Web-form competitions are the bread and butter. Set yourself a daily target — 20 a day is achievable in 15 minutes with auto-fill. Instant wins are great because you find out immediately, and most allow one entry per person per day.

4. Like-comment-and-share social comps (worst odds, easy entry)

Don't ignore them — they take seconds — but don't rely on them. Entries are often in the tens of thousands. Treat them as filler between your higher-quality entries.

Strategies that actually move your win rate

Volume × quality, not volume alone

A comper entering 200 high-volume Instagram comps a day will often win less than a comper entering 30 well-chosen, lower-entry competitions. The maths is simple: 1 entry in 500 beats 1 in 50,000 every time.

Hunt for low-entry competitions

Low-entry competitions are the comping holy grail. Where to find them:

  • Local businesses, especially independent shops and restaurants
  • Niche brands (specialist fitness, hobby, or trade brands)
  • New social accounts running their first giveaway
  • Anything requiring a longer, more annoying entry method
  • Competitions that closed yesterday but extend their deadline

Build a comping routine

The people who win consistently set aside fixed time each day:

  • 15 minutes morning: clear new comps from your aggregator and any closing-today comps
  • 15 minutes evening: social media giveaways and any creative entries
  • One longer session at the weekend: postal entries, photo comps, prize claims

If comping starts feeling like a chore, you're doing too much.

Check the rules every single time

80% of disqualifications are avoidable:

  • Are you the right age and in the right country (UK only?

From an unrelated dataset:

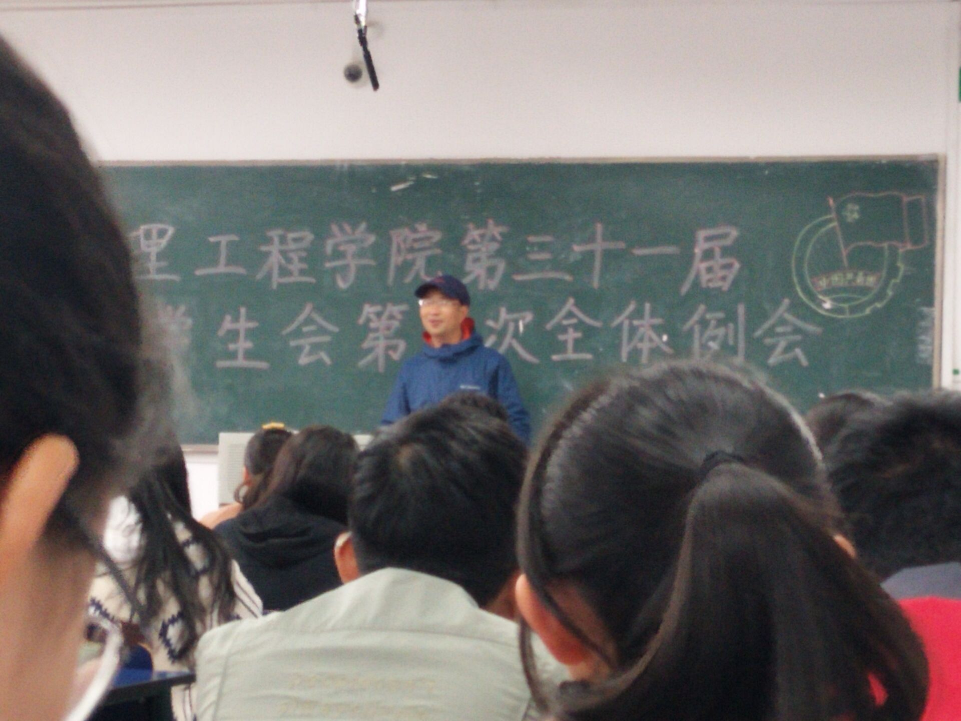 朱文明老师在讲话中首先对大一同学们表示欢迎,他们让学院团委学生会大家庭有了新成员和新动力,随后介绍了学院团委学生会各部门组成情况,以及近几年来的改革和取得的成绩,不管在哪个部门工作,都是为全院同学服务,希望同学们认识到作为学生干部的责任与使命,更有思想觉悟和自律精神。

England only?)
  • Do you need to follow the brand's account?
  • Is tagging a friend mandatory or just optional?
  • One entry or multiple?
  • Closing date and timezone

Bookmark the terms page; reread it before you submit if anything looks weird.

How to spot a comping scam (in five seconds)

UK competition scams have a recognisable pattern. Walk away if you see any of these:

  • An email or DM saying you've won a competition you don't remember entering
  • Any request for payment, "shipping fee", or "admin fee" to release the prize
  • A request for your bank details, full card number, or password
  • A WhatsApp message claiming a prize and linking to a non-brand site
  • A "claim deadline" that's suspiciously short ("in the next 30 minutes")
  • An account that looks just like the real brand but has slightly off spelling

Real UK competition wins arrive by email from the brand's actual domain, will never ask for payment, and will give you a normal claim window of days or weeks. If anything feels off, contact the brand directly through their website rather than replying.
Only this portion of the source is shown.